CombiNet und seinen Mitgliedern ist klar, dass eine Restrukturierung des Angebots im natio­nalen UKV für die RCA eine Notwendigkeit darstellte. Trotzdem muss darauf hingewiesen werden, dass die derzeitige Ausrichtrung des NINA-Konzeptes den Wettbewerbsvorteil des Lkw hinsichtlich Schnelligkeit und Flexibilität weiter ausbaut. So ist allein im Terminal Bludenz eine Rückverlagerung von 20.000 Jahrestonnen auf die Straße abzusehen. Vom Terminal Linz dürften mindestens 1.000 Container pro Jahr auf die Straße wandern.

Zudem kommt bei einigen Verbindungen die „Abwärtsspirale“ in Gange: Die auf 3 wöchentli­che Zugspaare verminderte Anbindung von Hall ist nur mehr zu 30 % ausgelastet, d. h. dass sie weiter zurückgenommen werden wird und somit eine weitere Attraktivitätsminderung erfährt. Ähnliches ist von der Verbindung in die Steiermark zu befürchten.
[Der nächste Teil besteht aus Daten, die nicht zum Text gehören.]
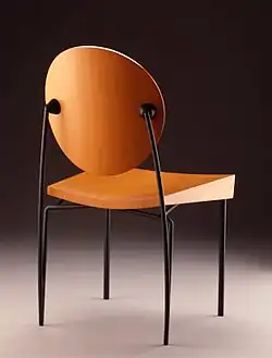 In 1991, Jackson introduced the "biomorphic" Vik-ter Stacking Chair[57] (commonly known as the Vik-ter Chair) at the third annual International Contemporary Furniture Fair at the Jacob K. Javits Convention Center in Manhattan.[58] The chair's "highly production oriented" design included a curving welded-steel frame and a tapered laminated cherry plywood seat that could be produced in seven minutes.[59]

CombiNet sieht dieser Entwicklung mit Besorgnis entgegen, da der bisher besonders in Ös­terreich erfolgreichen Förderung des UKV als umweltverträgliche Gütertransportart schwere Einbußen drohen, die sich auch auf die internationalen Verbindungen auswirken werden. Es kann nur gehofft werden, dass bereits vage in Aussicht gestellte Anpassungen und Verbesserun­gen des NINA-Konzepts hier zu einer Milderung der negativen Effekte beiträgt. CombiNet ist weiterhin gerne bereit, gemeinsam Lösungen zu erarbeiten, um die verkehrspolitisch ge­wünschte Verlagerung der Transporte auf die Schiene nicht nur beizubehalten sondern wei­ter zu fördern.